[WHAT THIS TASK INVOLVES]
Word for word, restate the lines from the top of the records below through the line with "Two monitoring stations", both included, with no pictures in the result.

[TASK INPUT]
::::
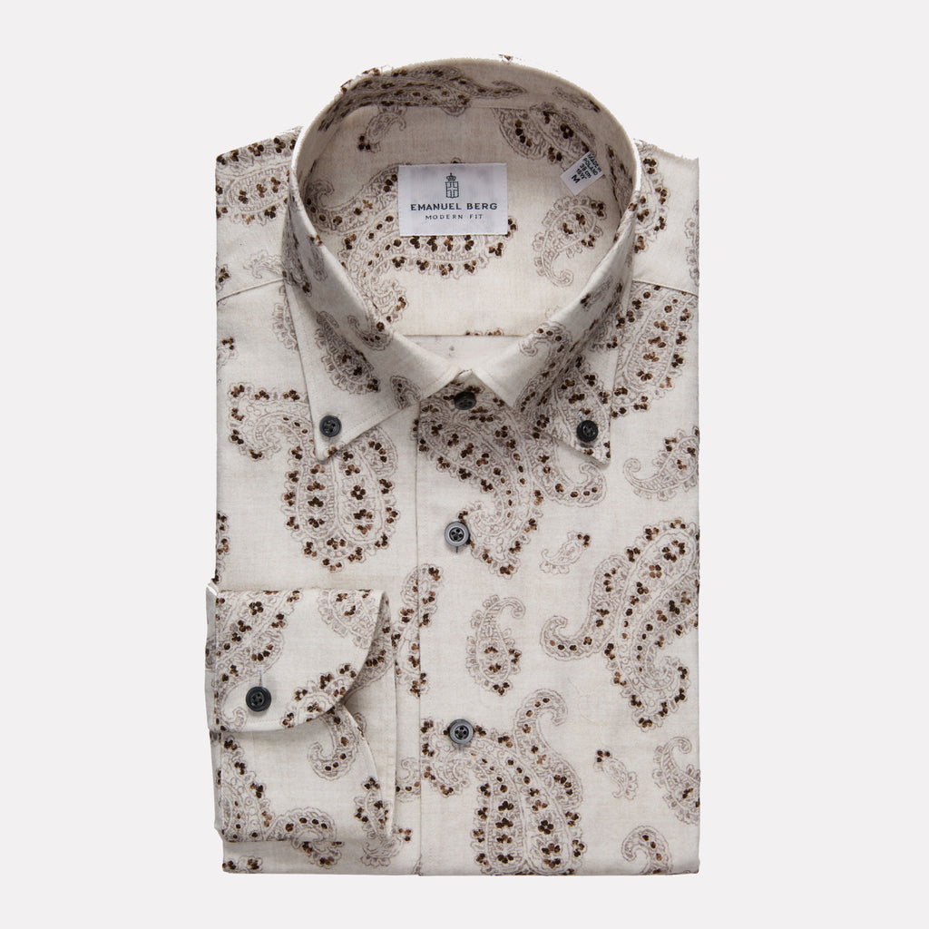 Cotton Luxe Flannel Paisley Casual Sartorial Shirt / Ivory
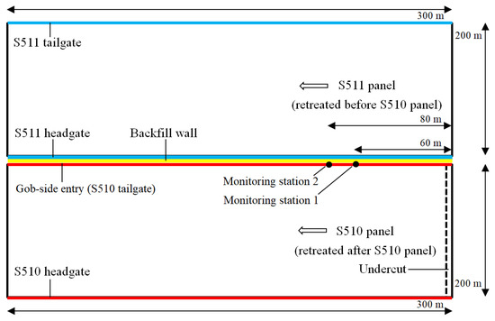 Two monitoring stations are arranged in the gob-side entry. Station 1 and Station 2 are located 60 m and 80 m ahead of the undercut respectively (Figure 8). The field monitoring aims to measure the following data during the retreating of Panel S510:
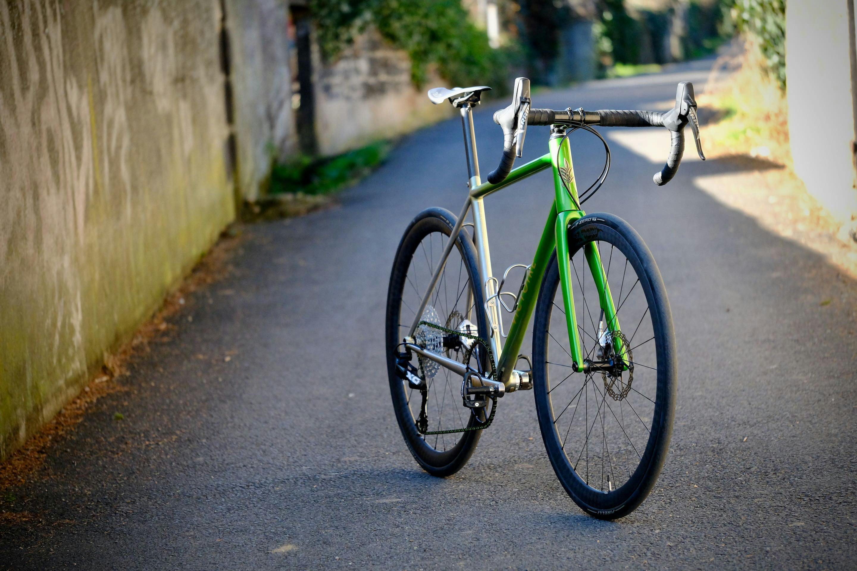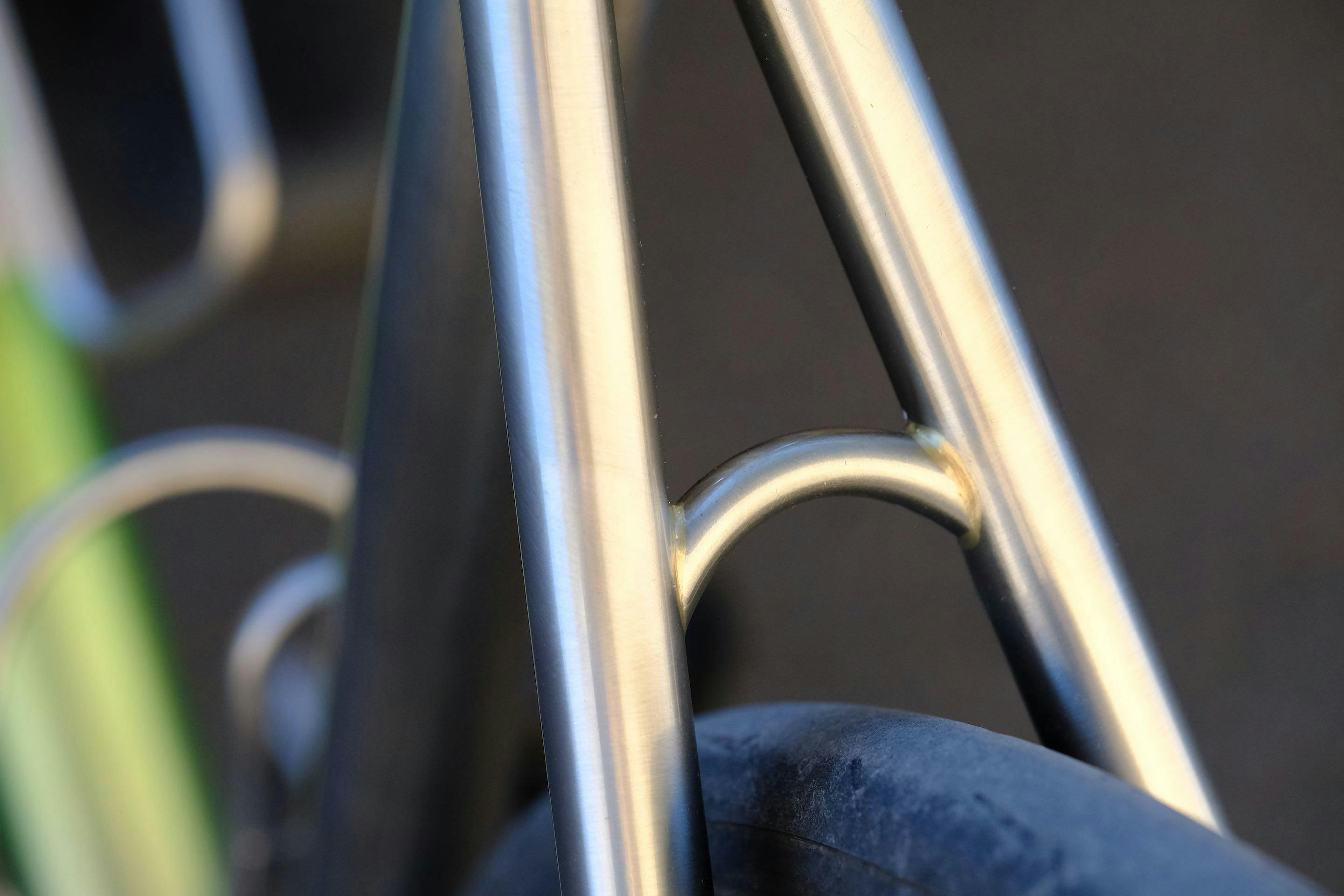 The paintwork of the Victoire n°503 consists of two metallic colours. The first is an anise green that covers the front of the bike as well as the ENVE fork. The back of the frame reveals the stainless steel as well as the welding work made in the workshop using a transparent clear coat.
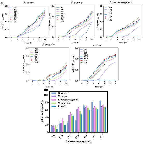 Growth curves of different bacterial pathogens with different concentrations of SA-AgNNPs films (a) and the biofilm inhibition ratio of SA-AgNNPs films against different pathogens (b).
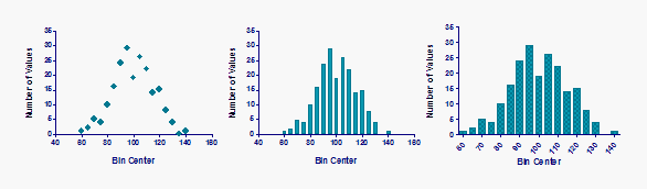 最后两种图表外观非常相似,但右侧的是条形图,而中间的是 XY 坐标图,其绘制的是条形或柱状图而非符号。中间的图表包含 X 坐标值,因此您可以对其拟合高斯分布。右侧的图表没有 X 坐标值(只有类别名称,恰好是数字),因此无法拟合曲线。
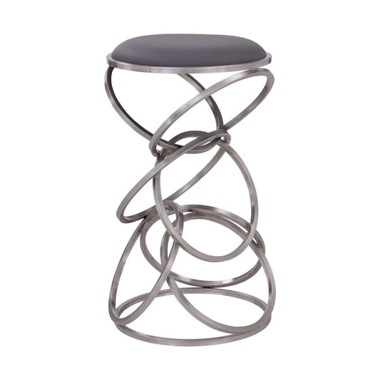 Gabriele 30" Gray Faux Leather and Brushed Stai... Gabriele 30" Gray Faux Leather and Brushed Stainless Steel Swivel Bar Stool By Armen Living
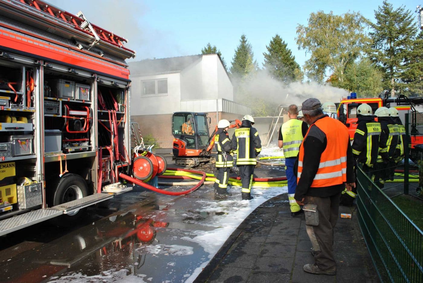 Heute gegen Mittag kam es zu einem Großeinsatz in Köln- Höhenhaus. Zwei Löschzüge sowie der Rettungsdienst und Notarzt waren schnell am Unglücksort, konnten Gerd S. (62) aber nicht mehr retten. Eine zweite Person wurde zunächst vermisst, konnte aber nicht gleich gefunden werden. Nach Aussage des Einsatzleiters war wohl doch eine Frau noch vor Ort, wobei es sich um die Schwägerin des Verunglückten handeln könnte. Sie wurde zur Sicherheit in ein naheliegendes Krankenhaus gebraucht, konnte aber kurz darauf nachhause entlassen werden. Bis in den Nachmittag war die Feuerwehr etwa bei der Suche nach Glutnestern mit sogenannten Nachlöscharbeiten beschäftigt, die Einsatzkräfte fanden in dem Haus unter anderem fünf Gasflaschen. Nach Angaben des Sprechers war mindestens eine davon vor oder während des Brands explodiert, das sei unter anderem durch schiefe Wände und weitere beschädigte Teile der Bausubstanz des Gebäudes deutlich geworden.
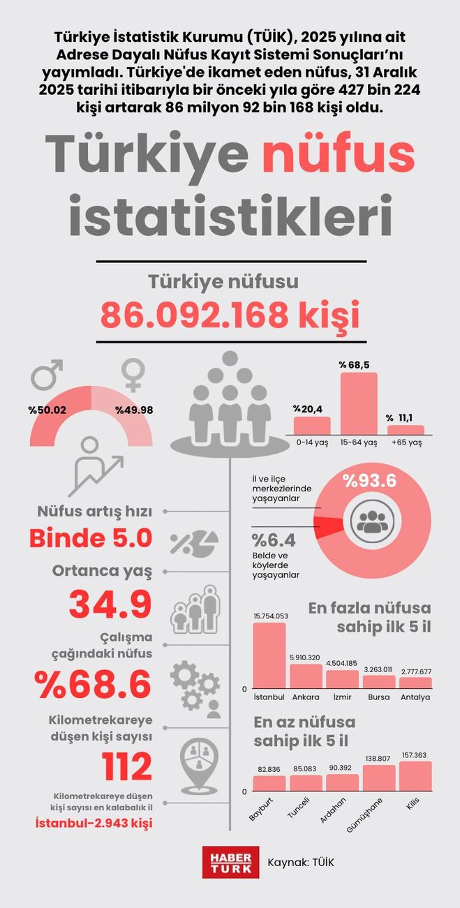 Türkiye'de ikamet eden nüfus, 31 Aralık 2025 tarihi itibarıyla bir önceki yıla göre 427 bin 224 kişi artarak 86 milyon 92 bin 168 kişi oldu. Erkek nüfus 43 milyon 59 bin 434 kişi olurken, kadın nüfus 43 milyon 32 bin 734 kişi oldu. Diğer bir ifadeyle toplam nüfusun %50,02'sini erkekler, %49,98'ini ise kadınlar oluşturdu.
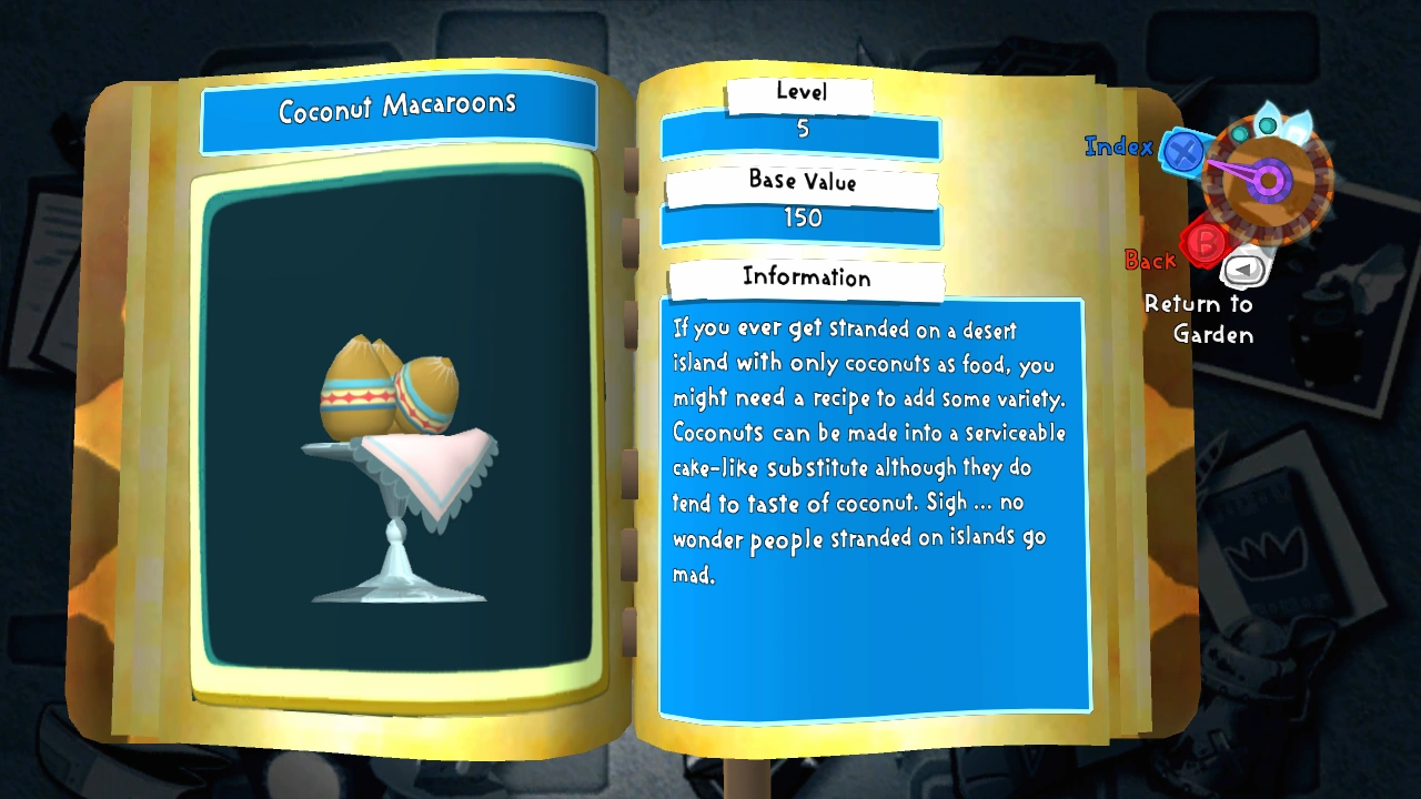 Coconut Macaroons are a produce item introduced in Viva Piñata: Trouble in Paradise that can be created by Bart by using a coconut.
::::
[REPLY]
 Cotton Luxe Flannel Paisley Casual Sartorial Shirt / Ivory
 Two monitoring stations are arranged in the gob-side entry. Station 1 and Station 2 are located 60 m and 80 m ahead of the undercut respectively (Figure 8). The field monitoring aims to measure the following data during the retreating of Panel S510:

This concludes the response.